Effect of annealing temperature on the structure and coke-resistance of nickel–iron bimetallic catalytic layer for in situ methane steam reforming in SOFC operation

• An intermediate FeNi3 phase forms in all Ni0.75Fe0.25 catalysts in present work.
• The catalyst annealed at 705 °C has smallest calculated surface energy.
• The catalyst annealed at 705 °C also exhibits the best coke resistance in methane.
• The cell with catalyst layer annealed at 705 °C has the best stability in methane.
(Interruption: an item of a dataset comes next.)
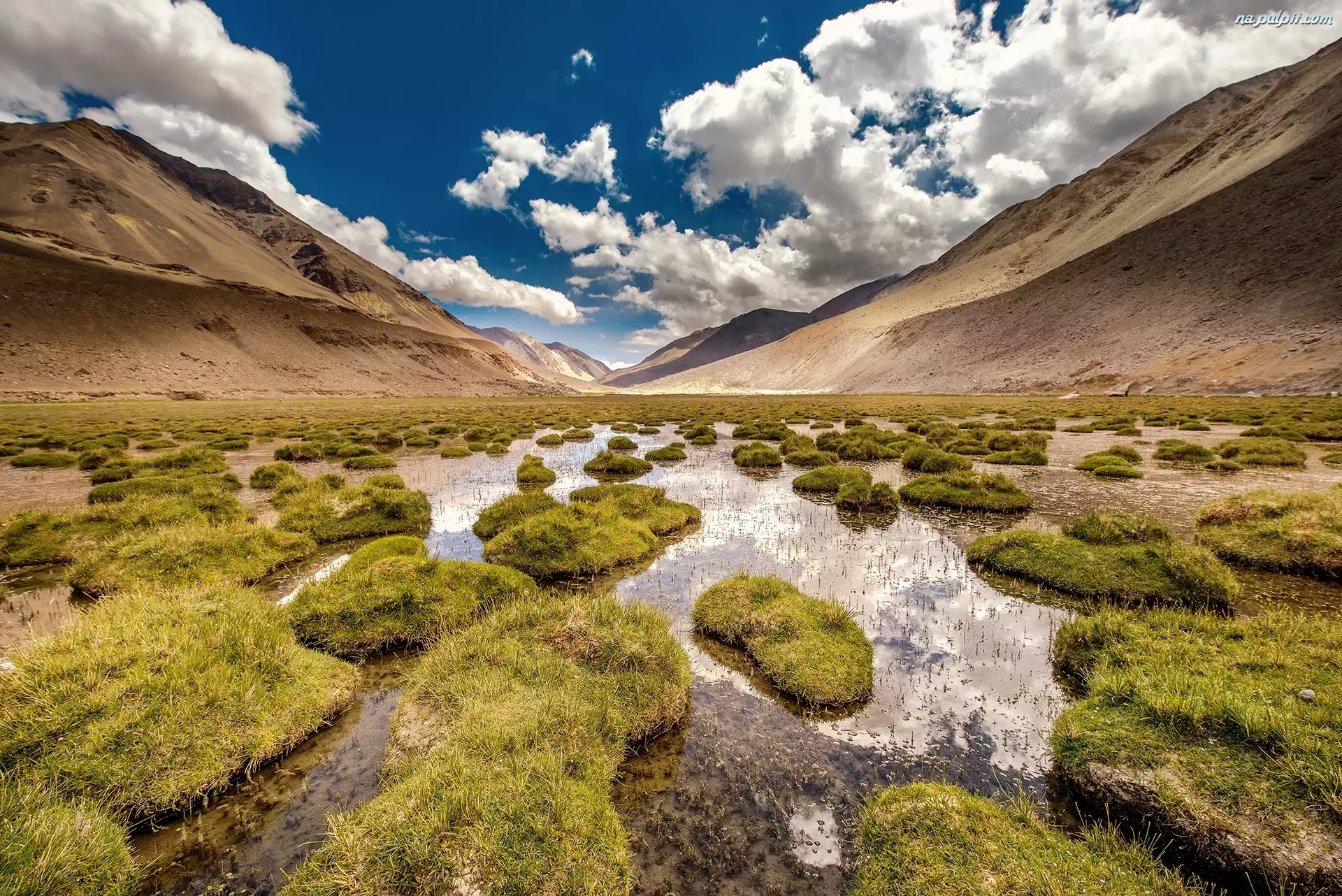 Rzeka między górami pokryta kępami mchu
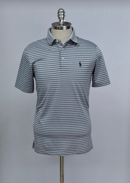 Camiseta Polo Ralph Lauren 🏇🏼 Color gris con patrón de rayas color Azul navy Talla S Entalle Clásico

In this paper, the effect on coke formation of adding a Ni0.75Fe0.25 catalyst layer to the anode side of a fuel cell running on methane is investigated. The formation of an intermediate FeNi3 phase can be observed in catalysts annealed at different temperatures. The catalyst annealed at 705 °C has the smallest calculated surface energy and grain size among all catalysts annealed at different temperatures. In addition, the O2-TPO profiles and Raman spectra of spent anode material reveal that the catalyst annealed at 705 °C has the best coke resistance among all catalysts. Moreover, the cell with catalyst layer annealed at 705 °C, under a current density of 600 mA cm−2 at 650 °C, experiences a decrease of 10% after operating in methane for 260 min, which is much more stable than that without catalyst layer (a decrease of 50%).